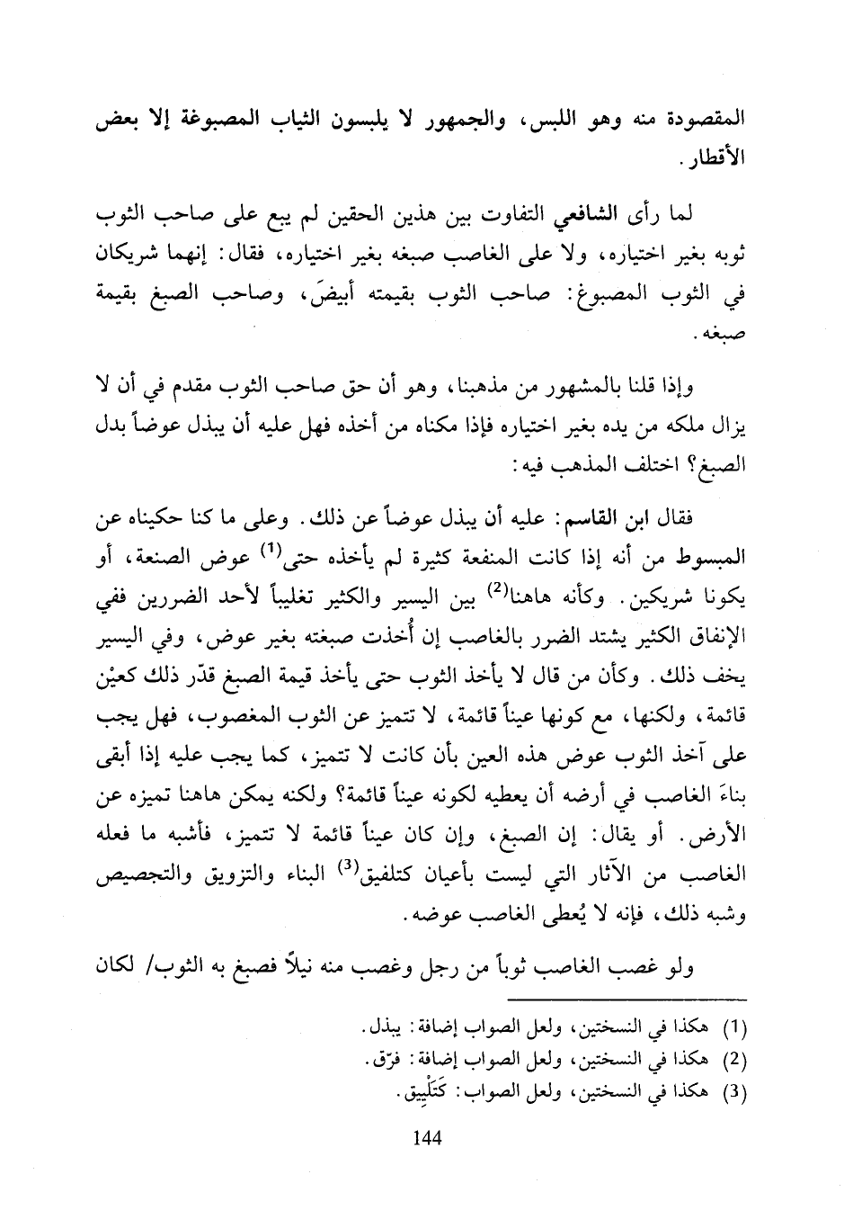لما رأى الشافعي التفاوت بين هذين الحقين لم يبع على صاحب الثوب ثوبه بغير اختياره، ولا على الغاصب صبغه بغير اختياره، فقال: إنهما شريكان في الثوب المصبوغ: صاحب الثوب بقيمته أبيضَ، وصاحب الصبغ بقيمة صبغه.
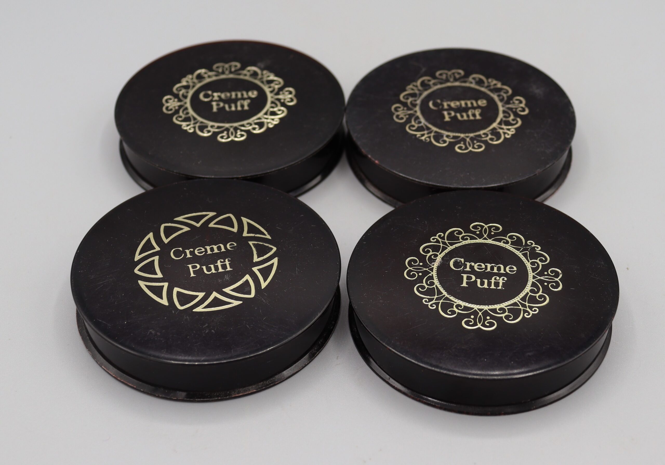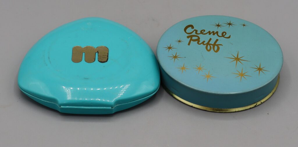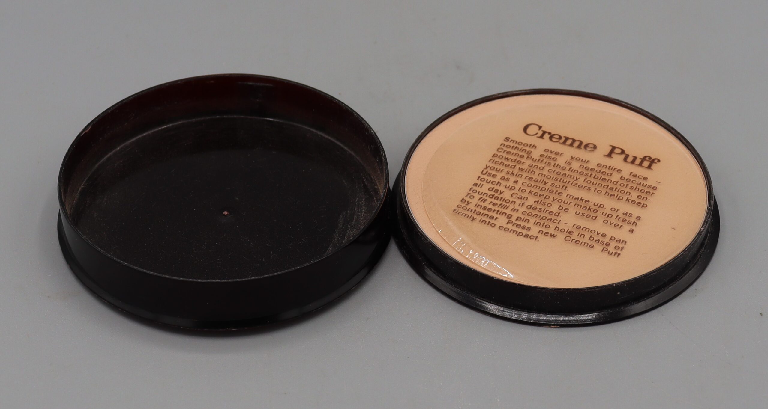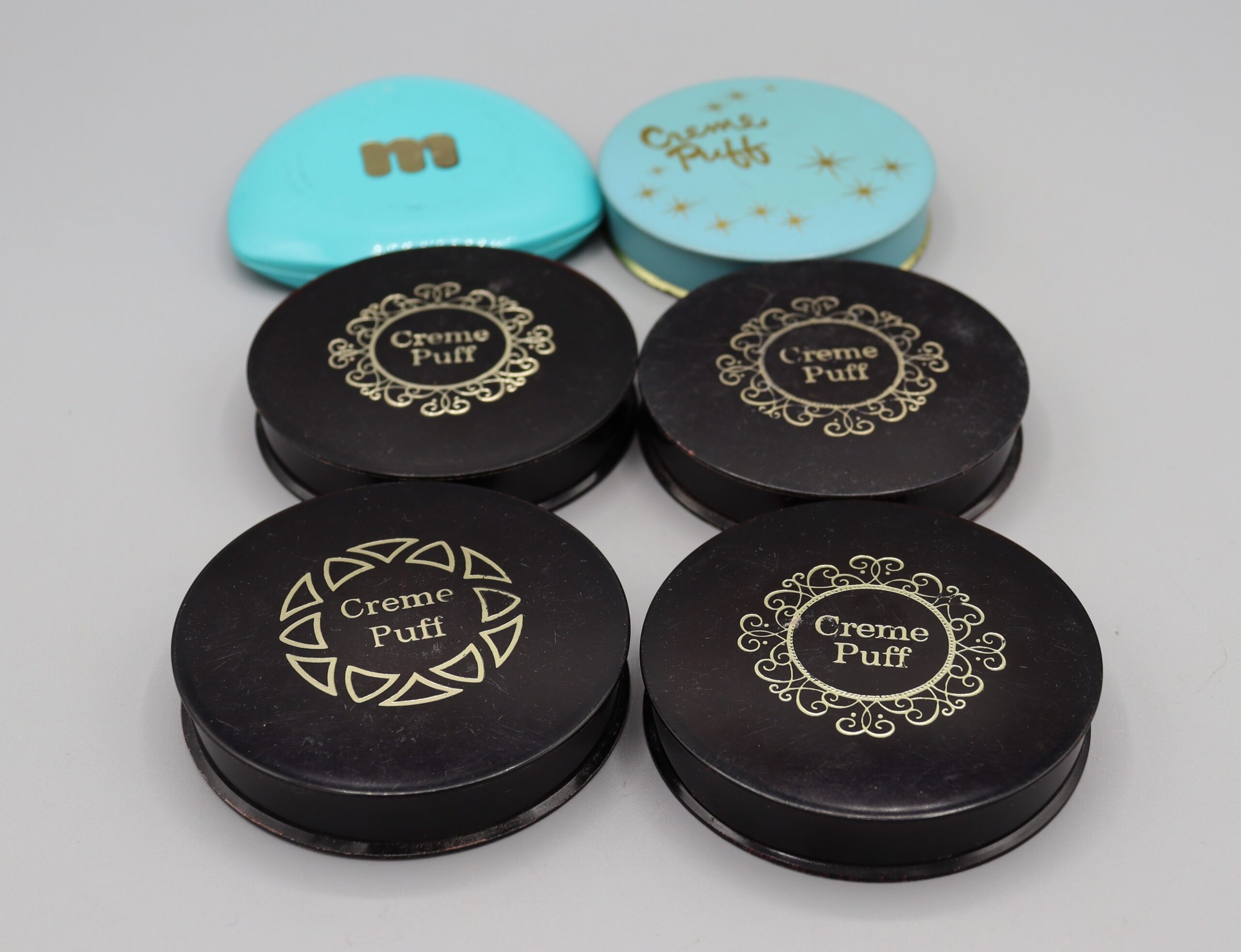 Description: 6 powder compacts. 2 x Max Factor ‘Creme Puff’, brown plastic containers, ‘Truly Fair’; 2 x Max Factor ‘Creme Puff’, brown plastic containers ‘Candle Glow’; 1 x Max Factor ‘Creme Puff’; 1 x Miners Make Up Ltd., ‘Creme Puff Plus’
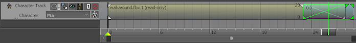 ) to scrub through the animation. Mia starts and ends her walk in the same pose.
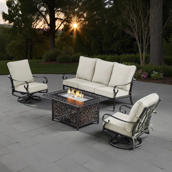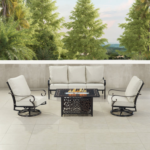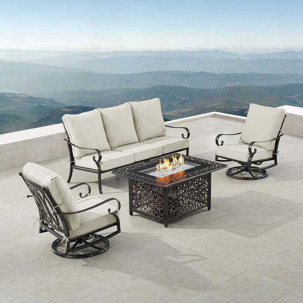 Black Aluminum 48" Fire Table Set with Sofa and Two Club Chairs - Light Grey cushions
· · ·
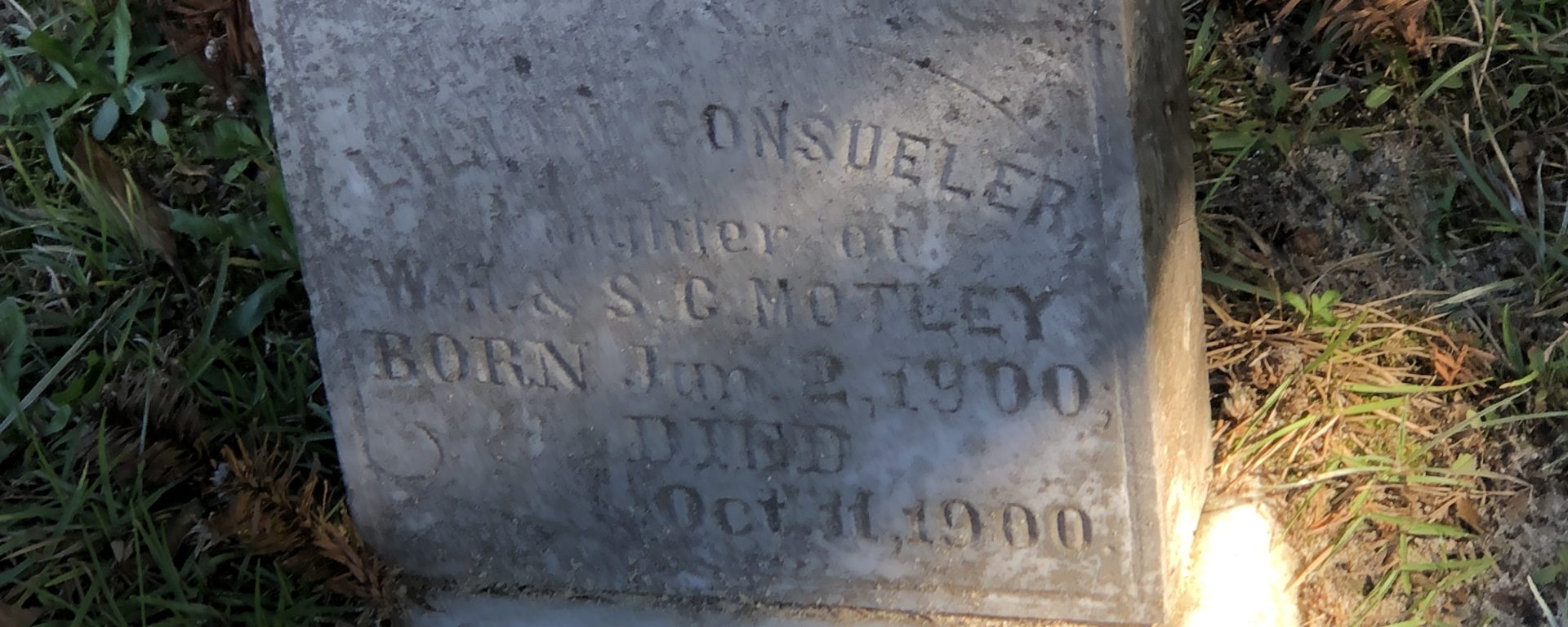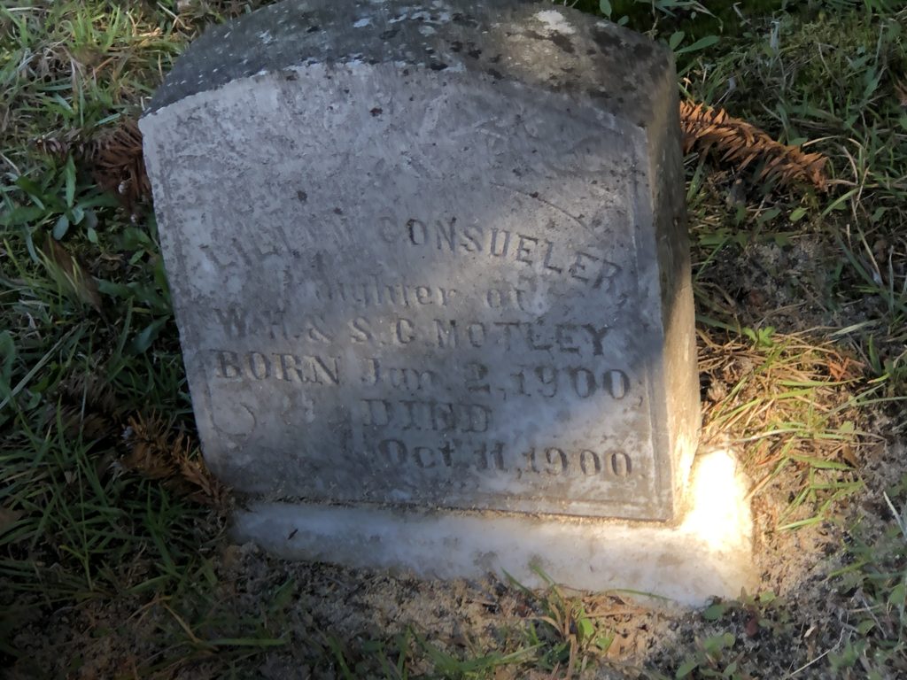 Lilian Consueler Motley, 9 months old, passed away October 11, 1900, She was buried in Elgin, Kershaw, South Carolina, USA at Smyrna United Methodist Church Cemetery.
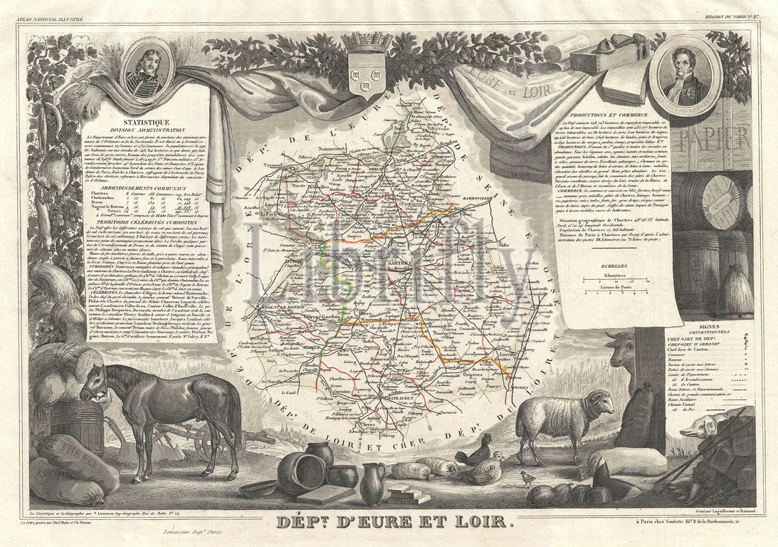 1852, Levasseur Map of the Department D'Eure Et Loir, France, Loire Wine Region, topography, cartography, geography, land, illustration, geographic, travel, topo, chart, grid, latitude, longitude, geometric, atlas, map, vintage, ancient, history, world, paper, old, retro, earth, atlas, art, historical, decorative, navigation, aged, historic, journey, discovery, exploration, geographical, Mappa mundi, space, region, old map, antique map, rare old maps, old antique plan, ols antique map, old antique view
· · ·
Precisely those lines above that run from the line with "the same pose." up to and including the line with "Light Grey cushions" are to be set down, with the pictures omitted.

Written response:
 ) to scrub through the animation. Mia starts and ends her walk in the same pose.
 Black Aluminum 48" Fire Table Set with Sofa and Two Club Chairs - Light Grey cushions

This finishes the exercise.